However, by August 1982, it became clear that Tatchell would be permitted to stand if the Constituency Labour Party selected him again. In response, Mellish resigned from the Labour Party, a move that he later regretted according to Dalyell. In November, he resigned his seat in Parliament (by becoming Steward of the Chiltern Hundreds) and forced a 1983 by-election in which Mellish campaigned for O'Grady who stood as a Real Bermondsey Labour candidate. O'Grady performed badly at the by-election although Mellish did take some satisfaction from the heavy defeat of Tatchell by the Liberal candidate, Simon Hughes.
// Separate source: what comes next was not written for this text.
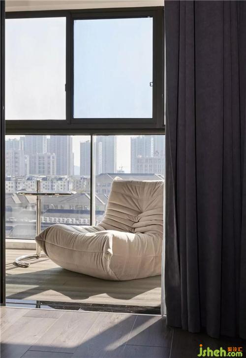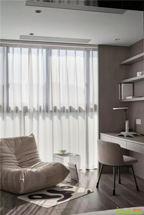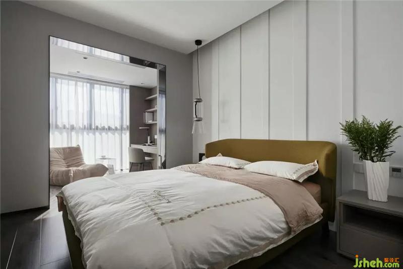 臥室灰白木的色調(diào),雅致的布置給人舒心放松的感覺,獨(dú)有的大陽臺(tái)和落地窗,紹興裝修設(shè)計(jì)加以綠植陽光的點(diǎn)綴,單看著就是一種享受。

Tatchell said in 2003, after Mellish's death, that Mellish was secretly bisexual and was "persistent" in propositioning Tatchell but warned him when he was rebuffed not to publicise it as no one would believe him.

==Later life==
Mellish later joined the Social Democratic Party (SDP). In 1985 he stood down from the LDDC and accepted a life peerage on 12 July 1985 as Baron Mellish, of Bermondsey in Greater London, sitting as an independent. Mellish was a supporter of Millwall Football Club and was president of the Millwall Supporters Club. In 1995 during a debate on the commemorations for the fiftieth anniversary of Victory over Japan Day, Hugh Jenkins expressed "sorrow and regret" about the atomic bombings of Hiroshima and Nagasaki. Mellish replied:While on board we heard that the war was over. I have never prayed so hard nor been so grateful for anything as I was for that atom bomb. It was the finest thing that ever happened that we should have dropped it on those villains. When we reached Port Swettenham, the ramifications would have been unbelievable. Thousands of lives would have been lost and, at the time, I thanked God for the atom bomb.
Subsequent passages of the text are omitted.